Description of the task
Copy, exactly as written, the lines that begin at the one containing "Ecco la situazione" and end at the one containing "両スタイル合同のマットワーク". Skip any pictures in the data below.

Supplied information

.....

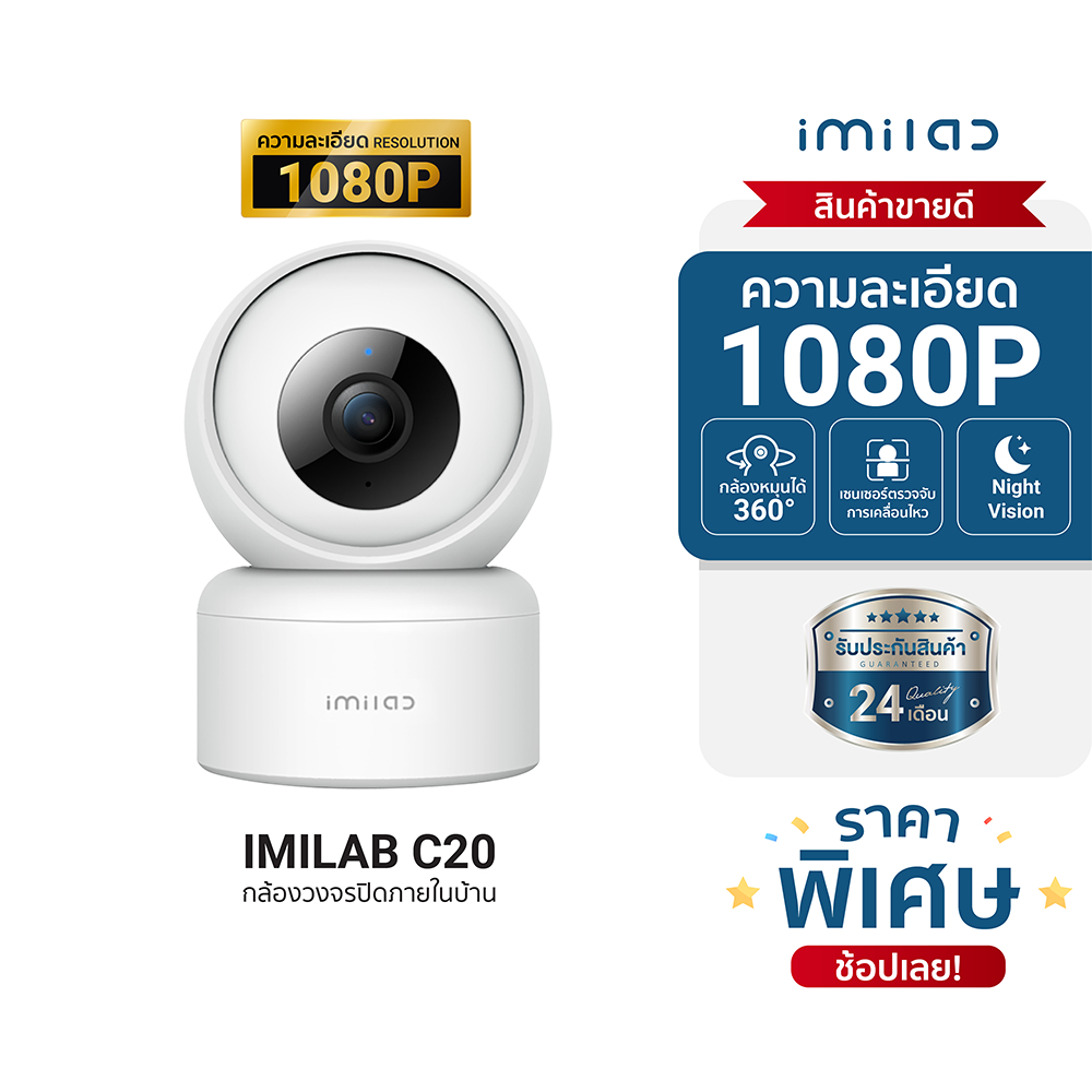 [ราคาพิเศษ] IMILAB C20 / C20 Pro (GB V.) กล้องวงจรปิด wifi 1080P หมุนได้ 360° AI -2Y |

.....

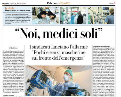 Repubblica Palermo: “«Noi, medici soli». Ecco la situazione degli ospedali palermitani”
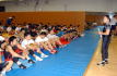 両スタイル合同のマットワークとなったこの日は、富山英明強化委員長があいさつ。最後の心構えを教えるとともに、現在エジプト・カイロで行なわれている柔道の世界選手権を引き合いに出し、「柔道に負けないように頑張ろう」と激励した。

.....

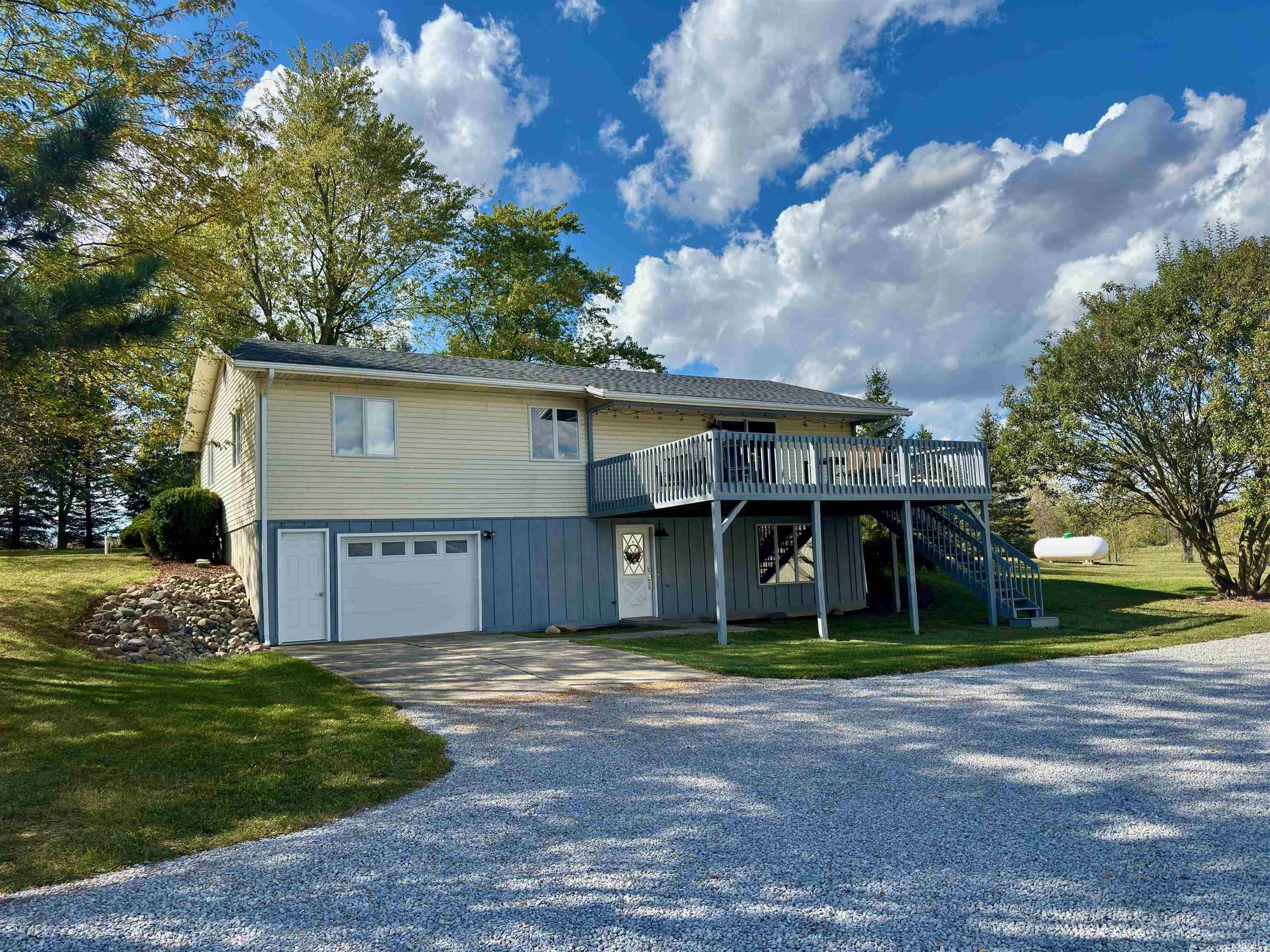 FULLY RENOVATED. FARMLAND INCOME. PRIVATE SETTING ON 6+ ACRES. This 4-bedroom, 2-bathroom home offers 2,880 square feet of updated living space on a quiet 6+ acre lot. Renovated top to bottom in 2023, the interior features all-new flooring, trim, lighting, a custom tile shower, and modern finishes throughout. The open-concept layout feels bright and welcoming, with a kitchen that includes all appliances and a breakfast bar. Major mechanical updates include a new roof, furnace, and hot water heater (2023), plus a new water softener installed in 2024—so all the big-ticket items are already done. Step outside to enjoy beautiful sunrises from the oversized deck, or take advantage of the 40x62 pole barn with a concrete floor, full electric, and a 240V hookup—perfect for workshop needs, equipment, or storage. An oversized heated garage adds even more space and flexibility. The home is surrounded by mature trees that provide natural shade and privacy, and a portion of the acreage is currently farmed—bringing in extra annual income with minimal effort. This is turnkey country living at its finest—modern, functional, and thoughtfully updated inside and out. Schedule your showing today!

.....

Solution for this task
 Repubblica Palermo: “«Noi, medici soli». Ecco la situazione degli ospedali palermitani”
 両スタイル合同のマットワークとなったこの日は、富山英明強化委員長があいさつ。最後の心構えを教えるとともに、現在エジプト・カイロで行なわれている柔道の世界選手権を引き合いに出し、「柔道に負けないように頑張ろう」と激励した。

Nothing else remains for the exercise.